But so uncertain is the fortune of language, that one mischance is avoided only to fall into another. This Scotch z, which had a justification in the cases quoted, was extended to supplant the English consonant y in other cases, as in York, which was written Zork. (Queen Mary's Letters, January, 1568.)

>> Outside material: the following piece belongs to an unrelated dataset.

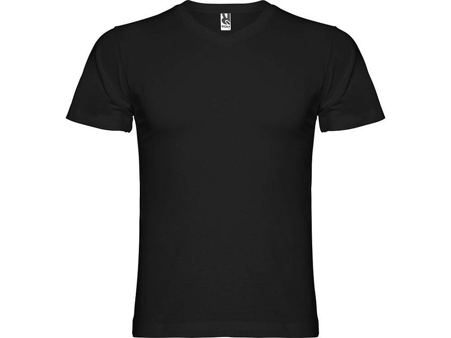 Мужская футболка без боковых швов с коротким рукавом и V-образным вырезом горловины, отделанном рибом 1х1. Горловина и плечевые швы дополнительно укреплены тесьмой.

In the word York the I had no consonantal antecedent: the old form was Eoforwic. The consonantal sound has grown out of vocalic crowding, just as the Saxon iw has produced the English yew. This y represents the German, Danish, and Swedish J, both in sound and in historical extraction. The Saxon iung is in modern English young, and the y here sounds exactly as J sounds in the German jung, or in the Danish Jeg, or the Swedish Jag. The bringing out of this consonantal y is a feature of the modern language. It probably existed in Saxon times, but it was not expressed in writing. It is in the West that this y displays itself most conspicuously. In Barnes's poems we meet with yable, able; yachèn, aching; yacre, acre; yakker, acorn; yale, ale; yarbs, herbs; yarm, arm; yarn, earn; yarnest, earnest; yean (Saxon eacnian)`; yeaze, ease.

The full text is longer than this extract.